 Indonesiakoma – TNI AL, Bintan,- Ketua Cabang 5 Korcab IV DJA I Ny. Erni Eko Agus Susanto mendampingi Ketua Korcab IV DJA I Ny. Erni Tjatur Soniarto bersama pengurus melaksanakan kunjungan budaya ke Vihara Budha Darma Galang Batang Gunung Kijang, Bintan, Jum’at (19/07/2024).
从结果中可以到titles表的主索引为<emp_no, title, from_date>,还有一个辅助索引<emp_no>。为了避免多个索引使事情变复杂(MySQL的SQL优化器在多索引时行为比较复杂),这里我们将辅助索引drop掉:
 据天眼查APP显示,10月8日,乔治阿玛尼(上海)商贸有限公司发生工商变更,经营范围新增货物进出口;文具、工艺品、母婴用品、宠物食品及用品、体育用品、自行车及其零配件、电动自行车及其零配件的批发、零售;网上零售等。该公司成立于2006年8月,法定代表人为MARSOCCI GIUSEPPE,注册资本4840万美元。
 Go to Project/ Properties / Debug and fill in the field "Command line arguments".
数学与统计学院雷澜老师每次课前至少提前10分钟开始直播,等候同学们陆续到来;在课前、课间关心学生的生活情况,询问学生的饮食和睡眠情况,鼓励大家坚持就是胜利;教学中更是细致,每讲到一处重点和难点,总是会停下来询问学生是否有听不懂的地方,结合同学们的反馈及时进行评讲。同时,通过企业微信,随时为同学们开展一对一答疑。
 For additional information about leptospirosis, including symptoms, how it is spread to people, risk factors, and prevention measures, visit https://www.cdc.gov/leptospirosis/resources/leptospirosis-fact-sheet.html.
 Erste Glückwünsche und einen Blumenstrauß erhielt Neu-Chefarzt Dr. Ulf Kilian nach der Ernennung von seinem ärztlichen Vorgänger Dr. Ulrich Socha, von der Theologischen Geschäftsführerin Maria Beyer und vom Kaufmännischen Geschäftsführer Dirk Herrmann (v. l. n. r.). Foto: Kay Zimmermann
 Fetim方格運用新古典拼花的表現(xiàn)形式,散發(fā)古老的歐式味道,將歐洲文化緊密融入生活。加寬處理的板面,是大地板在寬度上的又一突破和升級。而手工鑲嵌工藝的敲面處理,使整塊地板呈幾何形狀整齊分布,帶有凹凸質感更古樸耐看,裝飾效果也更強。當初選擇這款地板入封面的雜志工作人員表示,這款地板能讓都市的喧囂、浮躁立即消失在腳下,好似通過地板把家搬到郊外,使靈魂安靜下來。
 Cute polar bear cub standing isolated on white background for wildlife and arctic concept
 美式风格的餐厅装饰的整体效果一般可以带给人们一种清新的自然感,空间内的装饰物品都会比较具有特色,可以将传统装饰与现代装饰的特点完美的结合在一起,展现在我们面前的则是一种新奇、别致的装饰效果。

......

- Task objective -
Write down exactly every line of the material above up to and including the line containing "For additional information".

- Task result -
 Indonesiakoma – TNI AL, Bintan,- Ketua Cabang 5 Korcab IV DJA I Ny. Erni Eko Agus Susanto mendampingi Ketua Korcab IV DJA I Ny. Erni Tjatur Soniarto bersama pengurus melaksanakan kunjungan budaya ke Vihara Budha Darma Galang Batang Gunung Kijang, Bintan, Jum’at (19/07/2024).
从结果中可以到titles表的主索引为<emp_no, title, from_date>,还有一个辅助索引<emp_no>。为了避免多个索引使事情变复杂(MySQL的SQL优化器在多索引时行为比较复杂),这里我们将辅助索引drop掉:
 据天眼查APP显示,10月8日,乔治阿玛尼(上海)商贸有限公司发生工商变更,经营范围新增货物进出口;文具、工艺品、母婴用品、宠物食品及用品、体育用品、自行车及其零配件、电动自行车及其零配件的批发、零售;网上零售等。该公司成立于2006年8月,法定代表人为MARSOCCI GIUSEPPE,注册资本4840万美元。
 Go to Project/ Properties / Debug and fill in the field "Command line arguments".
数学与统计学院雷澜老师每次课前至少提前10分钟开始直播,等候同学们陆续到来;在课前、课间关心学生的生活情况,询问学生的饮食和睡眠情况,鼓励大家坚持就是胜利;教学中更是细致,每讲到一处重点和难点,总是会停下来询问学生是否有听不懂的地方,结合同学们的反馈及时进行评讲。同时,通过企业微信,随时为同学们开展一对一答疑。
 For additional information about leptospirosis, including symptoms, how it is spread to people, risk factors, and prevention measures, visit https://www.cdc.gov/leptospirosis/resources/leptospirosis-fact-sheet.html.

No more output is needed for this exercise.